Alright  And for the infinite loop, all i want is the server to respond on both adapters but it binds to a single IP is there a way to route both NIC A and NIC B to a new created ip? It seems what i was saying wasn't quite logical but this way makes more sense.


----------



## poppin (Mar 21, 2012)

tech_soul8 said:


> I'm not shure if i get it wright becouse it is a little bit messy explanation or it is becouse i just woked up wright now
> First of all is this second nic 192.168.1.135 connected directly to modem?


 It was quite a messy explanation sorry. I just need the server to bind to a local IP that is connected to NIC A and NIC B, for response on both adapters some how.....
Edit: Both adapters are connect directly to a router that has internet access.


----------



## tech_soul8 (Mar 23, 2012)

Well if I'm getting you wright I'm affraid that's impossible.
Let's go from the beggining. You have modem which have external public ip address. On your win 7 machine you setup web server and you got 2 nic's. You make port forward from modem to your win 7's nic adapter 1 192.168.1.1. If you don't have public ip address from your ISP (and you probably don't becouse you're forwarded traffic to your nic 1) I suppose that you're connected to the internet by nat. Modem actually does nat mapping for you. What is nat? Nat is tehnology that allows yor computers from private ip addresses to communicate on internet by converting them to public ip address and than maps that conversion into nat table. What happens when some computer from the internet want's to communicate with your web server. It sends request to your modem and than modem forwards traffic to your nic 1 (becouse you opened that port). So traffic comes directly to nic 1 and there's no need to forward it somewhere else (and I think it's impossible too). I suppose you installed IIS on win 7. And at the end routing isn't involved here at all on your win 7 machine becouse both nic are on the same computer. I'm using Linux and there's possibility to configure iptables to forward traffic from one nic to other but I don't think that win 7 is capable of doing so. At the end win 7 insn't the smartest solution for setting up web server. You should get your self linux or some server product from microsoft if you ask me 

Hope I helped


----------



## poppin (Mar 21, 2012)

I have two ISPs and I want to have my server respond on BOTH external ips. I have NIC 1 connected to internet 1 and NIC 2 connected to internet 2 i want to somehow route incoming traffic to a single ip(possibly virtual adapter or maybe theres a way to do it with a gateway and some route commands but i've tried using the gateway but it wont respond on both ips when i try to use the metric 1 gateway for NIC 1 but when i set it to 2 when the server is already binded it responds on both but uses the secondary gateway instead of the main gateway)


----------



## TheCyberMan (Jun 25, 2011)

I think you are wanting failover so when one nic goes down it automatically switches to the other nic the server editions offer this windows 7 does not have this built in and won't handle this as shekka says it is going to an infinite loop.


----------



## tech_soul8 (Mar 23, 2012)

poppin said:


> I have two ISPs and I want to have my server respond on BOTH external ips. I have NIC 1 connected to internet 1 and NIC 2 connected to internet 2 i want to somehow route incoming traffic to a single ip(possibly virtual adapter or maybe theres a way to do it with a gateway and some route commands but i've tried using the gateway but it wont respond on both ips when i try to use the metric 1 gateway for NIC 1 but when i set it to 2 when the server is already binded it responds on both but uses the secondary gateway instead of the main gateway)

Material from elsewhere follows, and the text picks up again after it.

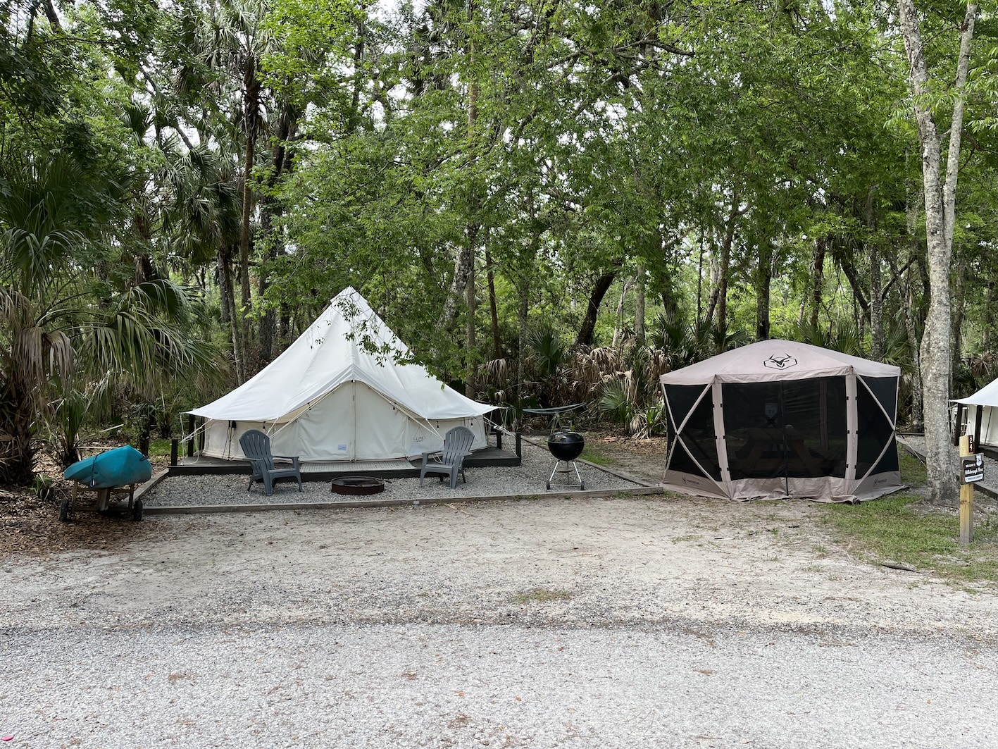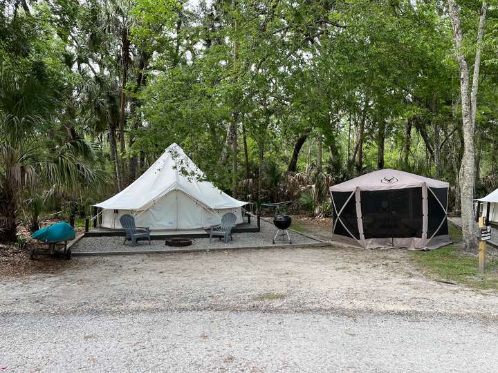 In Hillsborough angekommen, fanden wir wiederum ein extrem grosszügig angelegter Campground vor. Auf unserem Platz hätten wir locker zweimal reingepasst. Hier wird sogar Glamping angeboten. Nach US Vorstellung ist das ein vollklimatisiertes Zelt, mit Kingsize Bett, Grill, Firering, einer Sitzbank/Tisch Kombination in einem Mückenschutz-zelt, sowie einem Hammock. (Hängematte)

Well what you don't understand that there is no need for traffic to be routed. Your pc is final destination for packets that is incoming your network. Let me explain that to you. Someone on the internet wants to communicate with your server. It sends request to your ip (what ever it is) and that packet (SYN packet) reaches your modem, modem forwards traffic with packet destined to your web server. When web server recives incoming packet that's it. It will responde with SYN,ACK packet or discard packet. No further processing is needed becouse your WIN 7 is final destination. What you need to done is next. If you have to public ips and one web server than you must put gateway/firewall between yor modem and server. On gateway you sholud have at least 3 nics. Two nics which will be connected with modem public ips and one for the server. Than you route all incoming traffic from gateway nics to the web server. But if you got two nics on server than you bind one to one public ip (internet 1) and the other one to internet 2 and that's it. 

What about metrics? Metric is the value which specifies how far is the network destination from the interface which it is connected to. So for example if you got two routes to the same destination you could specify one with the lower metric and than interface with lower metric becomes preferred one. Otherwise router doesn't look at it at alll (if there is no two or more paths to the sam destination) That's the reason why server responded from other gateway when you changed the metric becouse other interface became preferred one.


----------



## poppin (Mar 21, 2012)

tech_soul8 said:


> Well what you don't understand that there is no need for traffic to be routed. Your pc is final destination for packets that is incoming your network. Let me explain that to you. Someone on the internet wants to communicate with your server. It sends request to your ip (what ever it is) and that packet (SYN packet) reaches your modem, modem forwards traffic with packet destined to your web server. When web server recives incoming packet that's it. It will responde with SYN,ACK packet or discard packet. No further processing is needed becouse your WIN 7 is final destination. What you need to done is next. If you have to public ips and one web server than you must put gateway/firewall between yor modem and server. On gateway you sholud have at least 3 nics. Two nics which will be connected with modem public ips and one for the server. Than you route all incoming traffic from gateway nics to the web server. But if you got two nics on server than you bind one to one public ip (internet 1) and the other one to internet 2 and that's it.
> 
> What about metrics? Metric is the value which specifies how far is the network destination from the interface which it is connected to. So for example if you got two routes to the same destination you could specify one with the lower metric and than interface with lower metric becomes preferred one. Otherwise router doesn't look at it at alll (if there is no two or more paths to the sam destination) That's the reason why server responded from other gateway when you changed the metric becouse other interface became preferred one.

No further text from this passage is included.